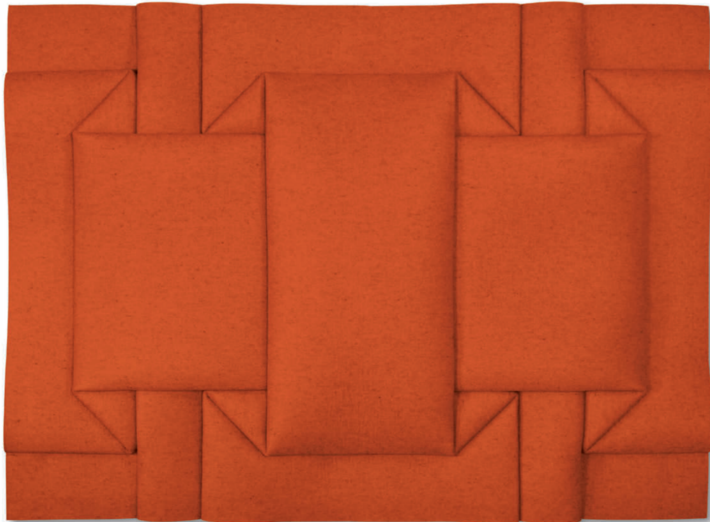
Flächendurchdringung FOR10 – 2021, Filz orange gefaltet / Orange felt folded, 125 x 170 cm Siehe Detail Titelseite / View detail on title

„Das Faltmaterial wandelt sich aus der Fläche zu einem architektonischen Gebilde, um dann wieder als Relief in die Fläche zu gleiten. Es ist der Gedanke der Ganzheit, der mich fasziniert und reizt, immer wieder an die Grenzen des Machbaren zu gehen, um komplizierte Sachverhalte der Gestaltung zu lösen.“
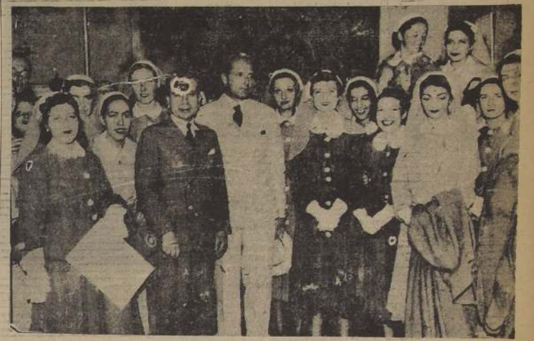
Durante la ceremonia de ayer en la Escuela de Servicio Social

En sencilla ceremonia efectuada a las 18.30 horas, en el local de la Es- cuela, a la que asistieron el Director de la Beneficencia y autorida- des educacionales, se les hizo entrega de sus respectivos diplomas
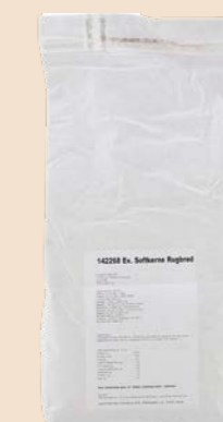
Ekstra Softkernerugbrød 10 kg pose Varenr. 142268
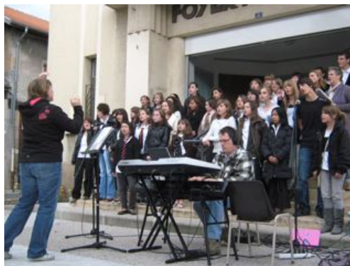
Faites de la musique avec le collégé !
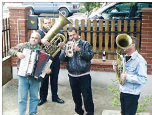
A taszári fúvós zenekar
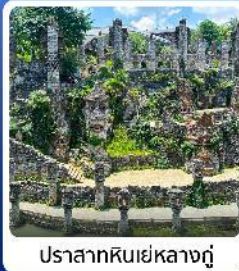
ปราสาทหินเย่หลางกู่

● ไฮไลท์ น้ำตกหวงกั๋วซู่ น้ำตกที่ใหญ่ที่สุดของจีน แหล่งท่องเที่ยวระดับ 5A ชมความสวยงาม หมู่บ้านวูเจียงจ้าย หมู่บ้านจีนโบราณ
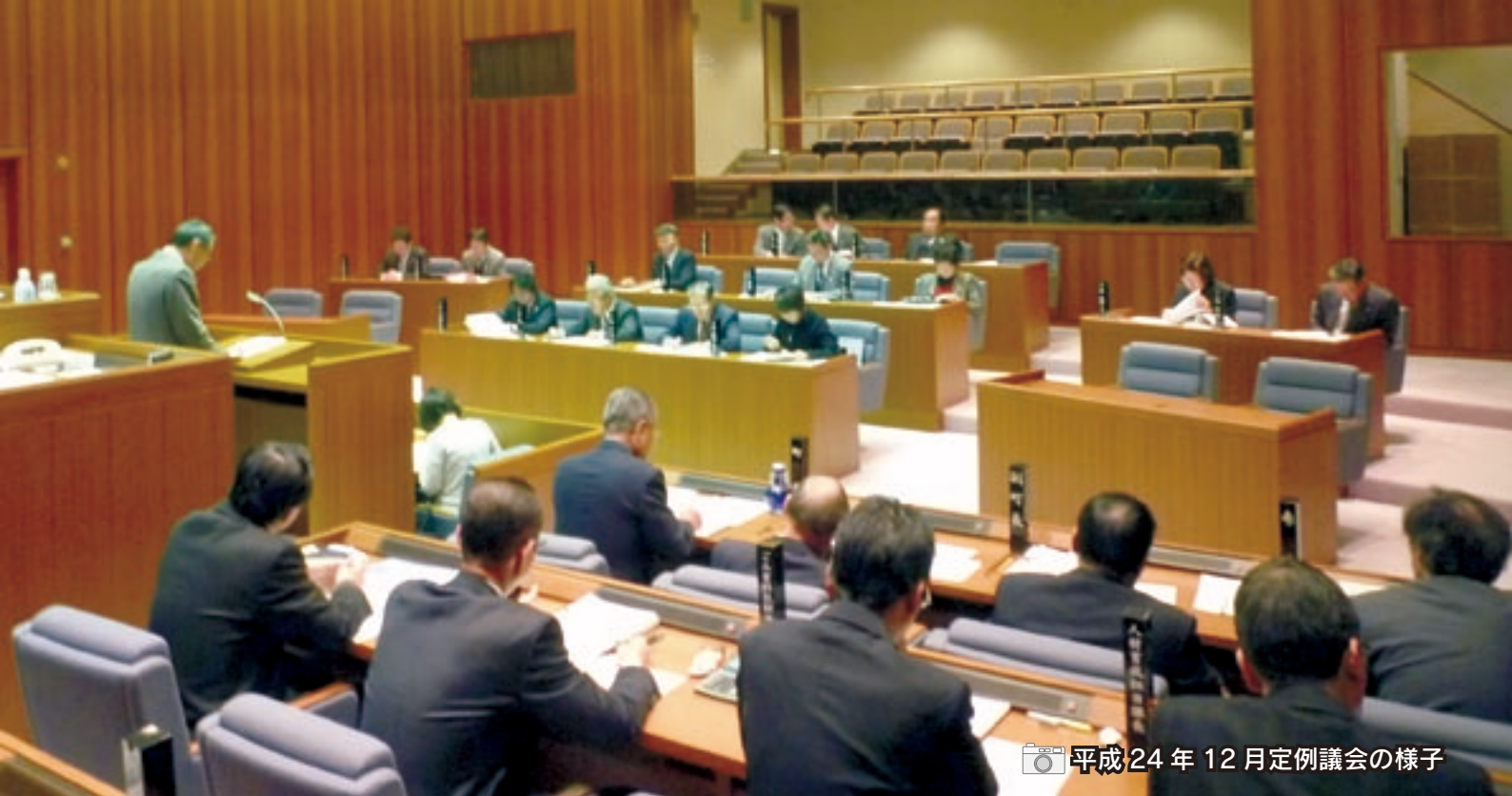
平成24年12月定例議会の様子
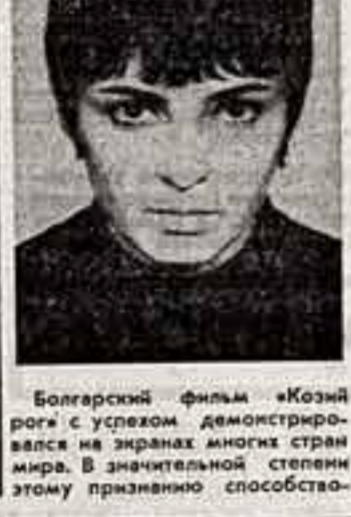
Болгарский фильм «Козий рог» с успехом демонстрировался на экранах многих стран...
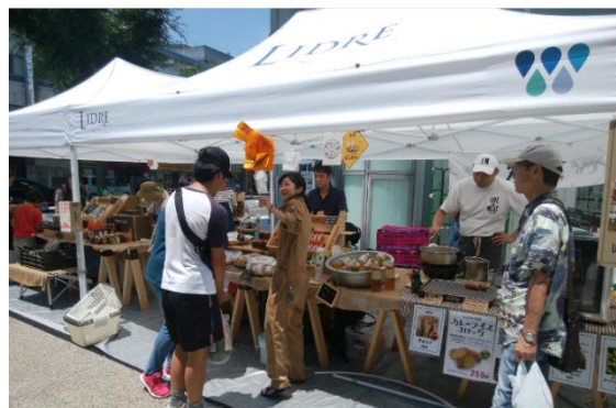
土曜マルシェ；横須賀中央駅近くのりドレ横須賀の歩行者天国にて
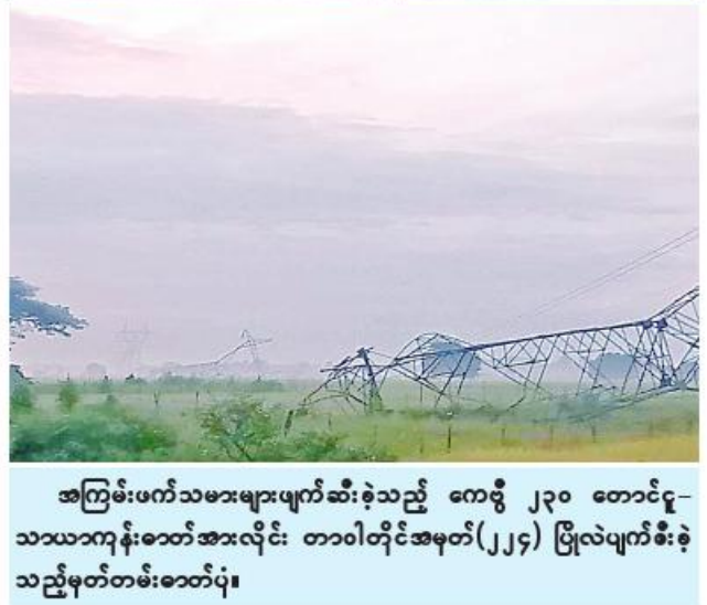
အကြမ်းဖက်သမားများပျက်ဆီးခဲ့သည့် ကေဗီ ၂၃၀ တောင်ငူ-သာယာကျန်းဓာတ်အားလိုင်း တာဝါတိုင်အမှတ်(၂၂၄) ဖြိုလဲပျက်စီးခဲ့သည့်မှတ်တမ်းဓာတ်ပုံ။

နေပြည်တော် နိုဝင်ဘာ ၂၆ လက်နက်ကိုင်သောင်းကျန်းသူများနှင့်PDF အမည်ခံ အကြမ်းဖက်ပူးပေါင်းအဖွဲ့များသည် တိုင်းပြည်တည်ငြိမ်အေးချမ်းမှုနှင့် တရားဥပဒေစိုးမိုးမှုကို ပျက်ပြားစေရန် ရည်ရွယ်ချက်ဖြင့် နိုင်ငံပိုင်ဘဏ်များ၊ ပုဂ္ဂလိကပိုင်ဘဏ်များ၊ ဌာနဆိုင်ရာရုံးများ၊ နိုင်ငံတော်ပိုင်ပစ္စည်းများ၊ ပုဂ္ဂလိကပိုင်ပစ္စည်းများ၊ စက်ရုံ၊ အလုပ်ရုံများ၊ တယ်လီဖုန်းတာဝါတိုင်များနှင့် လျှပ်စစ်ဓာတ်အားလိုင်း

AIM OF THE TASK =
Print the records exactly and omit all pictures.

RESPONSE TO THE EXERCISE =
Flächendurchdringung FOR10 – 2021, Filz orange gefaltet / Orange felt folded, 125 x 170 cm Siehe Detail Titelseite / View detail on title

„Das Faltmaterial wandelt sich aus der Fläche zu einem architektonischen Gebilde, um dann wieder als Relief in die Fläche zu gleiten. Es ist der Gedanke der Ganzheit, der mich fasziniert und reizt, immer wieder an die Grenzen des Machbaren zu gehen, um komplizierte Sachverhalte der Gestaltung zu lösen.“
Durante la ceremonia de ayer en la Escuela de Servicio Social

En sencilla ceremonia efectuada a las 18.30 horas, en el local de la Es- cuela, a la que asistieron el Director de la Beneficencia y autorida- des educacionales, se les hizo entrega de sus respectivos diplomas
Ekstra Softkernerugbrød 10 kg pose Varenr. 142268
Faites de la musique avec le collégé !
A taszári fúvós zenekar
ปราสาทหินเย่หลางกู่

● ไฮไลท์ น้ำตกหวงกั๋วซู่ น้ำตกที่ใหญ่ที่สุดของจีน แหล่งท่องเที่ยวระดับ 5A ชมความสวยงาม หมู่บ้านวูเจียงจ้าย หมู่บ้านจีนโบราณ
平成24年12月定例議会の様子
Болгарский фильм «Козий рог» с успехом демонстрировался на экранах многих стран...
土曜マルシェ；横須賀中央駅近くのりドレ横須賀の歩行者天国にて
အကြမ်းဖက်သမားများပျက်ဆီးခဲ့သည့် ကေဗီ ၂၃၀ တောင်ငူ-သာယာကျန်းဓာတ်အားလိုင်း တာဝါတိုင်အမှတ်(၂၂၄) ဖြိုလဲပျက်စီးခဲ့သည့်မှတ်တမ်းဓာတ်ပုံ။

နေပြည်တော် နိုဝင်ဘာ ၂၆ လက်နက်ကိုင်သောင်းကျန်းသူများနှင့်PDF အမည်ခံ အကြမ်းဖက်ပူးပေါင်းအဖွဲ့များသည် တိုင်းပြည်တည်ငြိမ်အေးချမ်းမှုနှင့် တရားဥပဒေစိုးမိုးမှုကို ပျက်ပြားစေရန် ရည်ရွယ်ချက်ဖြင့် နိုင်ငံပိုင်ဘဏ်များ၊ ပုဂ္ဂလိကပိုင်ဘဏ်များ၊ ဌာနဆိုင်ရာရုံးများ၊ နိုင်ငံတော်ပိုင်ပစ္စည်းများ၊ ပုဂ္ဂလိကပိုင်ပစ္စည်းများ၊ စက်ရုံ၊ အလုပ်ရုံများ၊ တယ်လီဖုန်းတာဝါတိုင်များနှင့် လျှပ်စစ်ဓာတ်အားလိုင်း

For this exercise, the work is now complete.